DOG and Environment - Sun, Nov 24, 2024
How DOG manages the environment segment
The environment Segment
This article describes the environment block, which is a key-value pair memory store of up to 32 KB in size available for all programs in DOS. As DOG is a DOS shell, it is responsible for setting up and maintaining the environment segment and maintaining the all important environment variables.
These variables are often used to set program behavior, define default flags and more. DOG uses several variables, and also utilizes environment in DOGfile programs.
Structure
The environment is a relatively simple structure. Each environment variable is
stored as a NUL
-terminated string (or C-string) of the form KEY=VALUE
. The
variables are stored in memory one after another, separated only by the NUL
character terminating the string. There is one final NUL
byte at the end of
the block signaling the end of the variables.
After the final NUL
comes a WORD
indicating how many additional strings
follow. This is usually just 0001h
and the string is the path to the program
owning the environment block.
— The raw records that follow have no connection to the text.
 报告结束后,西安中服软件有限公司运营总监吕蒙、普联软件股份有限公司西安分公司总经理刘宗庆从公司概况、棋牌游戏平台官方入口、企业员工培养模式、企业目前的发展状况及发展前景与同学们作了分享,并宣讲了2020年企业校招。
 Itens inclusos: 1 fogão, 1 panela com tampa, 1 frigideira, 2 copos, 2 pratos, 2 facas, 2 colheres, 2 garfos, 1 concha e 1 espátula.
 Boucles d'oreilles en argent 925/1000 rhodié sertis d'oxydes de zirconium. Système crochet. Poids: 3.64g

The string is NUL
terminated.
The environment block:
+-------------+ Segment aligned.
| VAR1=VALUE1 | Variables are ASCIIZ strings separating the KEY and
| VAR2=VALUE2 | value by an '=' character.
| ... | Only the size of the environment block limits
| VARn=VALUEn | the number of strings.
+-------------+
| BYTE 0 | The variable part ends with a 0 byte.
+-------------+
| WORD | Number of strings to follow, typically 0001h
+-------------+
| C:\DOG.COM | ASCIIZ command owning the environment
+-------------+ Max 32 KB
Setting, modifying and deleting variables
Setting variables in DOG is done with the command SE
. Internally DOG uses the
same functions as SE to set environment variables (defined in
alse.c), called
setudata()
. The way it works is that first it calculates the number of bytes
in use by the whole environment (see the usedbytes()
function) to see if the
new value would fit.
Next DOG checks if the variable already exists. It speeds it up a bit by first
checking if the nth character of the string is =
(to save some string
comparison time). If it’s not =
, DOG fast forwards until it finds a 0. If it
was an =
then DOG compares the key with the given key.
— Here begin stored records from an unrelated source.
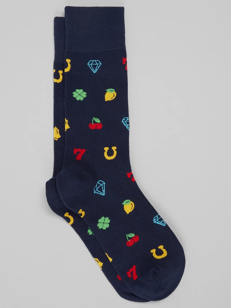 These cotton‑blend socks are a wearable lucky charm. Spun soft, comfy, and impossibly cozy, they're sprinkled with cheerful symbols of good vibes like lucky 7s, shiny horseshoes, and classic four‑leaf clovers. Whether you're chasing rainbows, good style, or just a really good sock day, this playful pair has you covered.
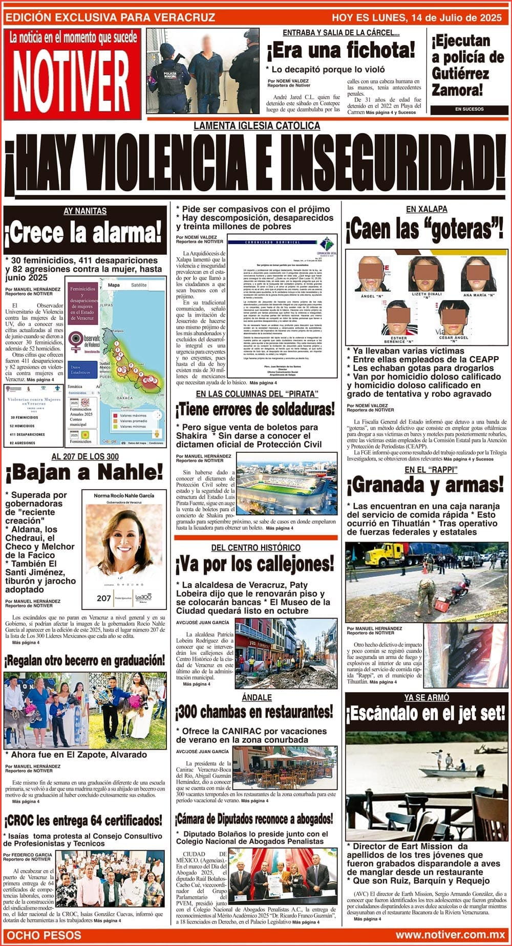 PRIMERA LA PORTADA - LUNES 14 DE JULIO 2025 LAMENTA IGLESIA CATÓLICA - *PIDE SER COMPASIVOS CON EL PRÓJIMO *HAY DESCOMPOSICIÓN, DESAPARECIDOS Y TREINTA MILLONES DE POBRES 14 julio 2025
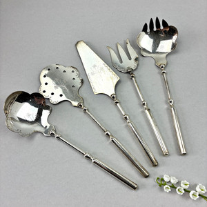 Vintage EPNS Serving Utensil x 5 Piece Set with Floral Etching Silverplate
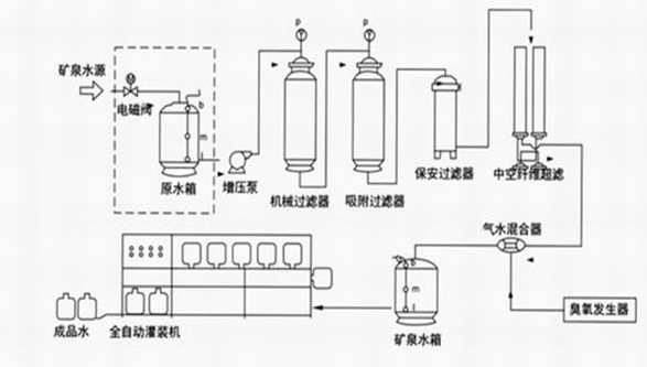 純凈水/礦泵水工藝流程 礦泉水廠生產(chǎn)工藝流程圖: 純凈水/礦泉水廠生產(chǎn)工藝流程(圖): a) 原水泵 主要功能:恒定系統(tǒng)供水壓力,穩(wěn)定供水量 b) 機(jī)械過(guò)濾器 采用多次過(guò)濾層的過(guò)濾器,主要目的是去除原水中含有的錳、鐵重金屬、泥沙、鐵銹、膠體物質(zhì)、懸浮物等顆粒在20um以上的物質(zhì),系統(tǒng)可以進(jìn)行反沖洗、正沖洗等一系列操作。 主要功能:保證設(shè)備的產(chǎn)水量,延長(zhǎng)設(shè)備的使用壽命。 c) 活性炭過(guò)濾器 采用果殼活性炭過(guò)濾器,活性炭不但可吸附電解質(zhì)離子,還可以進(jìn)行離子交換吸附。經(jīng)活性炭吸附還可使高錳酸鉀耗氧量(COD)由15mg/L(02)降至2-7mg/L(02),此外由于吸附作用使表面被吸附復(fù)制的濃度增加,因而還起到催化作用,去除水中的色素、異味、大量生化有機(jī)物、降低水的余鹵值及農(nóng)藥污染物和除去水中三鹵化物(THM)以及其他的污染物。系統(tǒng)可以進(jìn)行反沖洗、正沖洗等一系列操作。同時(shí),設(shè)備具有自我維護(hù)系統(tǒng),運(yùn)行費(fèi)用很低。 主要功能:保證設(shè)備的產(chǎn)水質(zhì)量,延長(zhǎng)設(shè)備的使用壽命 d) 軟化系統(tǒng) 為防止?jié)馑颂貏e是RO裝置最后一根膜組件濃水側(cè)出現(xiàn)CACO3,MGCO3,MGSO4,CASO4,BASO4,SRSO4,SISO4的濃度大于其平衡溶解度常數(shù)而結(jié)晶析出,損壞膜原件的應(yīng)有特性,在進(jìn)入反滲透膜組件之前系統(tǒng)采用鈉型陽(yáng)離子交換樹(shù)脂,進(jìn)行離子交換吸附,去除水中主要硬度成分,吸附飽和后,樹(shù)脂失效,可用工業(yè)用鹽進(jìn)行再生樹(shù)脂,使之恢復(fù)交換能力。 每套軟化系統(tǒng)包括:軟化罐、控制器(或射流器/鹽泵)、鹽箱及鹽閥 主要功能:防止反滲透摸結(jié)垢,延長(zhǎng)反滲透膜的使用壽命 e) 精密過(guò)濾器 精密過(guò)濾器用來(lái)截留預(yù)處理系統(tǒng)漏過(guò)的少量機(jī)械雜質(zhì)。過(guò)濾器筒體采用工程塑料或SUS304材質(zhì);內(nèi)裝PPF濾芯。聚丙烯濾芯是一種效率高、阻力小的深層過(guò)濾元件。適用于含懸浮雜質(zhì)較低(濁度小于2-5度)的水進(jìn)一步凈化。聚丙烯濾芯由聚丙烯纖維按一定規(guī)律纏繞在注塑聚丙烯多孔管上形成。主要功能:保證進(jìn)入反滲透膜的水顆粒度小于0.1um f) 反滲透系統(tǒng) 反滲透裝置是用足夠的壓力使溶液中的溶劑(一般是水)通過(guò)反滲透膜(或稱(chēng)半透膜)而分離出來(lái),因?yàn)檫@個(gè)過(guò)程和自然滲透的方向相反,因此稱(chēng)為反滲透。 反滲透法能適應(yīng)各類(lèi)含鹽量的原水,尤其是在高含鹽量的水處理工程中,能獲得很好的技術(shù)經(jīng)濟(jì)效益。反滲透法的脫鹽率提高,回收率高,運(yùn)行穩(wěn)定,占地面積小,操作簡(jiǎn)便,反滲透設(shè)備在除鹽的同時(shí),也將大部分細(xì)菌、膠體及大分子量的有機(jī)物去除。 h)設(shè)備工藝流程圖: 原水→原水增壓泵→多介質(zhì)過(guò)濾器→活性炭過(guò)濾器→離子交換器→保安過(guò)濾器→多級(jí)高壓泵→RO反滲透系統(tǒng)→純水箱→全自動(dòng)桶/瓶水灌裝生產(chǎn)線→包裝→入庫(kù) 一、礦泉水生產(chǎn)工藝流程圖: 目前,我國(guó)給水中應(yīng)用的氧化消毒劑以液氯為主。但隨著源水污染的變化,廢水中各種有機(jī)物的含量有所增加,運(yùn)用液氯消毒會(huì)產(chǎn)生氯代有機(jī)物,其中有的產(chǎn)物具有致突變作用。為滿足人們對(duì)水質(zhì)要求 的不斷提高,尋求能替代氯的更安全而經(jīng)濟(jì)的新型氧化消毒劑,成為今后給水處理的一個(gè)發(fā)展方向。其中,較有前途的是二氧化氯(ClO2)和臭氧(O3)。 1.二氧化氯(ClO2) 1.1二氧化氯的應(yīng)用 十九世紀(jì)初,美國(guó)科學(xué)家DaryH.發(fā)現(xiàn)了ClO2氣體。二十世紀(jì)40年代,二氧化氯開(kāi)始應(yīng)用于食品加工的殺菌消毒,造紙的漂白和水的凈化處理等。由于二氧化氯不會(huì)與有機(jī)物反應(yīng)而生成THMs,所以在 飲用水處理中應(yīng)用越來(lái)越廣泛。1983年,美國(guó)國(guó)家環(huán)保局(EPA)提出飲用水中三氯甲烷含量必需低于0.1mg/L,并推薦使用ClO2消毒。二氧化氯消毒的安全性被世界衛(wèi)生組織(WHO)列為A1級(jí),被認(rèn)定為 氯系消毒劑最理想的更新?lián)Q代產(chǎn)品。目前,美國(guó)和歐洲已有上千家水廠采用ClO2消毒;我國(guó)則多用于造紙、紡織等行業(yè),并逐步應(yīng)用于自來(lái)水廠。 在給水處理中,ClO2不僅可以作為高效的消毒劑,還可考慮投加在原水、沉淀池前或?yàn)V池前,進(jìn)行預(yù)氧化或中間氧化,以控制嗅味(尤其是氯酚或藻類(lèi)副產(chǎn)物嗅味等),防止微生物滋長(zhǎng),加強(qiáng)混凝 過(guò)濾;也可用于去除水中的鐵、錳和色度。另外,歐洲一些國(guó)家將ClO2、O3即Cl2結(jié)合起來(lái)用于飲用水處理,取得了較好的效果。 1.2二氧化氯的物理性質(zhì) 二氧化氯(ClO2)常溫(20℃)下是一種黃綠色的氣體,具有與氯氣、臭氧類(lèi)似的刺激性氣味,分子量67.45,比空氣重,熔點(diǎn)-59℃,沸點(diǎn)11℃。 ClO2極易溶于水而不與水反應(yīng),22℃時(shí)溶解度約為氯的5倍,達(dá)2.9g/L。ClO2在水中的溶解度隨溫度升高而降低。同時(shí)二氧化氯分子的電子結(jié)構(gòu)雖是不飽和狀態(tài),在水中卻不以聚

If the search resulted in no match then the new string is appended to the end of the environment. But since the environment data doesn’t end at the 0 byte, the tail is first copied before it’s overwritten by the new variable.
If the search resulted in a match, then the function saves a pointer to the end of the value part of the environment variable. This part and the end of the environment is copied over to a temporary location before it’s overwritten by the new variable.
The rest (everything after the end of the environment variable) is then copied back to the environment memory.
Removing variables is done in DOG by calling SE with just the name of the
variable. In DOG this is implemented in the setudata()
function which when
called with a NULL
value will simply overwrite it.
Variables defined by DOG
DOG makes use of the following environment variables:
-
COMSPEC
- This is used to define where the DOG binary was loaded from. In future versions it will be used to handle resident/transient parts, but more on that in a later post. -
PATH
- The list of directory paths where to search for commands. The paths are separated by the;
character. DOG looks first for commands which have aCOM
extension, nextEXE
and finallyDOG
. -
PROMPT
- The string displayed indicating that DOG is waiting for a command. The default prompt is defined as:SE PROMPT $n$_$_$b\_$n$_$_$b$_.\---.$n$_/$_$_$_,__/$n/$_$_$_/$p$_%%
And looks like:
|\_ | .\---. / ,__/ / /C:\DOG %
You can use these special characters:
$$
- the $ sign.$_
- space$b
- vertical bar|
$e
- The ESC character (ASCII 27 = 1b in hex)$l
- Left angle<
$g
- Right angle>
$n
- New line$r
- Carriage return$t
- Tabulator$p
- Current drive and path$c
- Current time
Setting up the environment
When DOG starts it checks its Program Segment Prefix (PSP) for the segment of the environment. To get the size of the allocated environment DOG checks it from the Memory Control Block (MCB).
Program Segment Prefix (PSP)
The Program Segment Prefix, or PSP for short, is a Data Structure describing a running Program. In DOS running programs are identified by the PSP address in a similar manner to how running processes are identified by the PID in Linux systems. The PSP contains many interesting fields, some of which are undocumented but well known in the programming community. In FreeDOS by its nature of being open source there is really no undocumented fields, but some are marked as “*_fill”, indicating it’s unused. DOG doesn’t use any of these fields.
DOG uses these fields:
- Offset 0Ah - Interrupt vector for INT 22h (4 bytes, offset + segment)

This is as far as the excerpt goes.